UVA 11137

11137 - Ingenuous Cubrency

Time limit: 3.000 seconds

Problem I: Ingenuous Cubrency

People in Cubeland use cubic coins. Not only the unit of currency is called a  cube  but also the coins are shaped like cubes and their values are cubes. Coins with values of all cubic numbers up to 9261 (= 21 ³ ), i.e., coins with the denominations of 1, 8, 27, ..., up to 9261  cubes , are available in Cubeland.

Your task is to count the number of ways to pay a given amount using cubic coins of Cubeland. For example, there are 3 ways to pay 21 cubes: twenty one 1 cube coins, or one 8 cube coin and thirteen 1 cube coins, or two 8 cube coin and five 1 cube coins.

Input consists of lines each containing an integer amount to be paid. You may assume that all the amounts are positive and less than 10000.

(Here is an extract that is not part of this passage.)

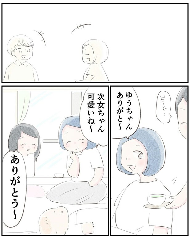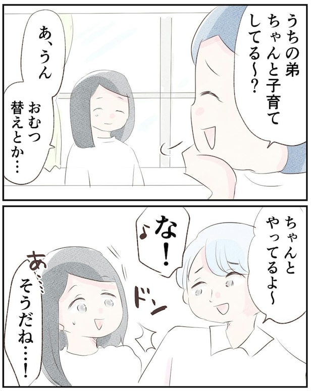 義姉が夫が子育てをしてくれているか聞いてきました。ゆうさんが話し始めると、夫が会話に割り込んできます。ゆうさんは戸惑いながら夫に返事をしました。

For each of the given amounts to be paid output one line containing a single integer representing the number of ways to pay the given amount using the coins available in Cubeland.

Sample input

10 
21
77
9999

Output for sample input

2
3
22
440022018293

P. Rudnicki, from folklore

给你一个n ， 问能将n分为多少个立方数之和。

#include <cstdio>
#include <cmath>
#include <algorithm>
#include <iostream>
#include <cstring>
#include <map>
#include <string>
#include <stack>
#include <cctype>
#include <vector>
#include <queue>
#include <set>
#include <utility>
#include <cassert>

using namespace std;
///#define Online_Judge
#define outstars cout << "***********************" << endl;
#define clr(a,b) memset(a,b,sizeof(a))
#define lson l , mid  , rt << 1
#define rson mid + 1 , r , rt << 1 | 1

#define mk make_pair
#define FOR(i , x , n) for(int i = (x) ; i < (n) ; i++)
#define FORR(i , x , n) for(int i = (x) ; i <= (n) ; i++)
#define REP(i , x , n) for(int i = (x) ; i > (n) ; i--)
#define REPP(i ,x , n) for(int i = (x) ; i >= (n) ; i--)
const int MAXN = 10000 + 50;
const int sigma_size = 26;
const long long LLMAX = 0x7fffffffffffffffLL;
const long long LLMIN = 0x8000000000000000LL;
const int INF = 0x7fffffff;
const int IMIN = 0x80000000;
#define eps 1e-8
const int MOD = (int)1e6 + 7;
typedef long long LL;
const double PI = acos(-1.0);
typedef double D;
typedef pair<int , int> pi;
///#pragma comment(linker, "/STACK:102400000,102400000")
LL dp[MAXN];
int main()
{
//    freopen("out.text" , "w" , stdout);
    dp[0] = 1LL;
    for(int j  = 1 ; j * j * j <= MAXN ; j++)for(int a = j * j * j ; a <= MAXN ; a++)dp[a] += dp[a - j * j * j];
    int n;
    while(cin >> n)
    {
        cout << dp[n] << endl;
    }
    return 0;
}